*WHAT IS NEEDED*
All of the data should be given again word for word, though the images are to be left out.

*COLLECTED MATERIAL*
-- Opening Marker --

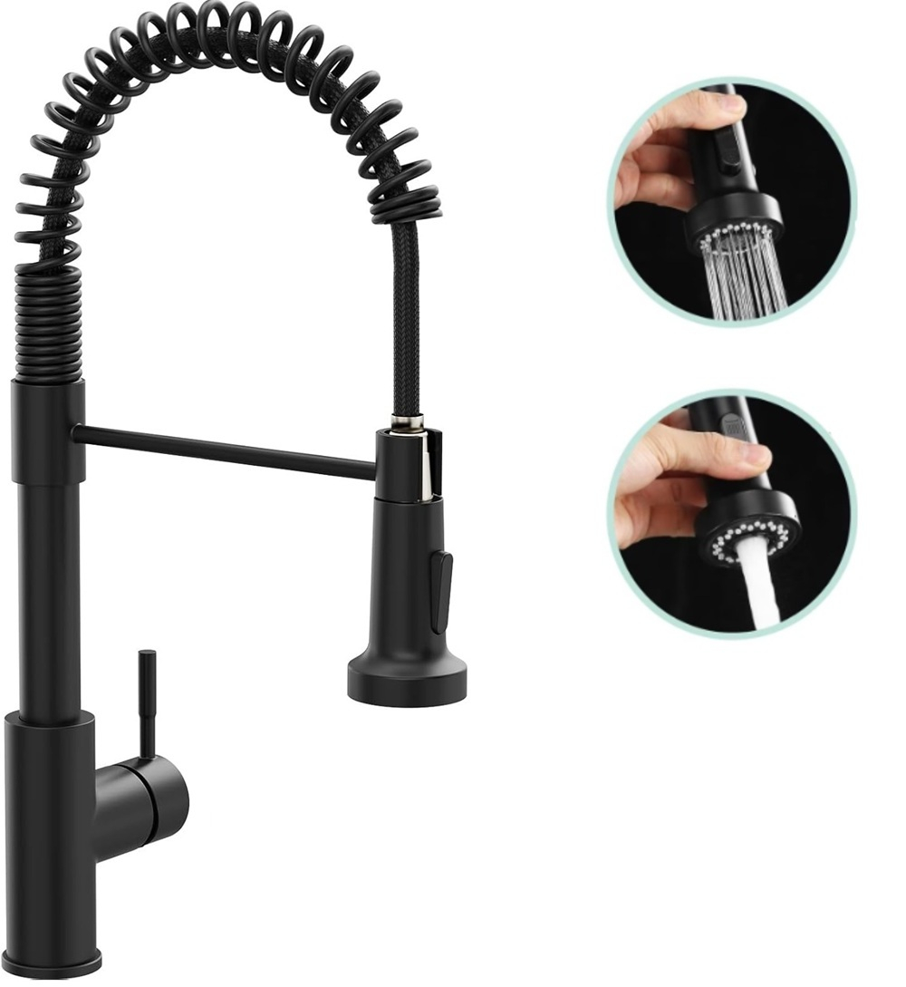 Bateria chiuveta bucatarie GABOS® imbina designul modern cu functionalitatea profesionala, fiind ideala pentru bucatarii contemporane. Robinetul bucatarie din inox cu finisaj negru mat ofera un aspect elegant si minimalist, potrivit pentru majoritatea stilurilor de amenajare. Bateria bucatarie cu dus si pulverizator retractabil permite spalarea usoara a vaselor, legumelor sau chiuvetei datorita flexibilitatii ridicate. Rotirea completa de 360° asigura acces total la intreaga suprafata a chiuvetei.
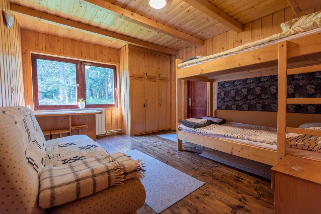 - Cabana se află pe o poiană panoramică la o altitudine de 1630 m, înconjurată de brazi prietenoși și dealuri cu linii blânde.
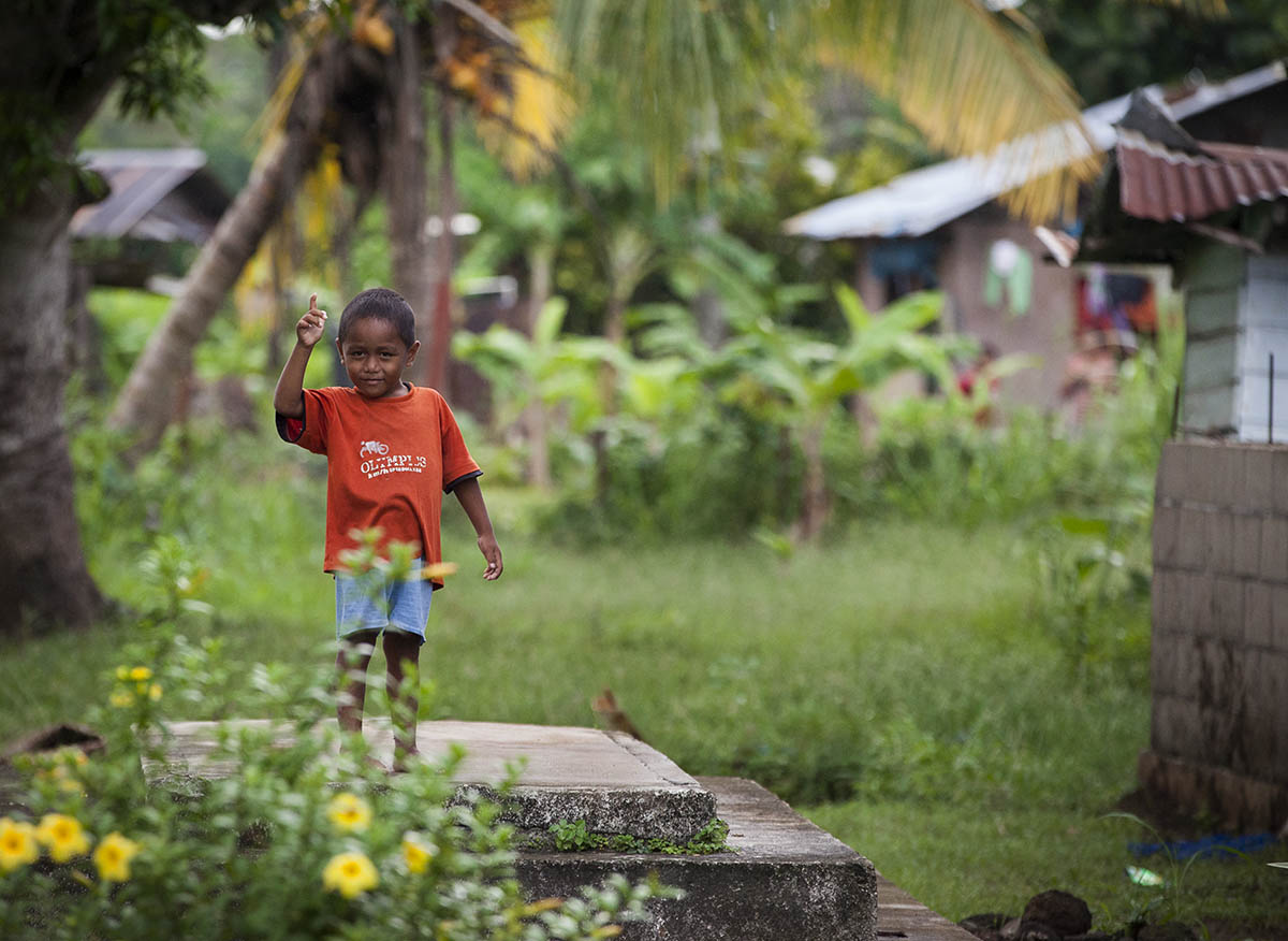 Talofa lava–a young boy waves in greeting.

-- Closing Marker --

*TASK OUTPUT*
 Bateria chiuveta bucatarie GABOS® imbina designul modern cu functionalitatea profesionala, fiind ideala pentru bucatarii contemporane. Robinetul bucatarie din inox cu finisaj negru mat ofera un aspect elegant si minimalist, potrivit pentru majoritatea stilurilor de amenajare. Bateria bucatarie cu dus si pulverizator retractabil permite spalarea usoara a vaselor, legumelor sau chiuvetei datorita flexibilitatii ridicate. Rotirea completa de 360° asigura acces total la intreaga suprafata a chiuvetei.
 - Cabana se află pe o poiană panoramică la o altitudine de 1630 m, înconjurată de brazi prietenoși și dealuri cu linii blânde.
 Talofa lava–a young boy waves in greeting.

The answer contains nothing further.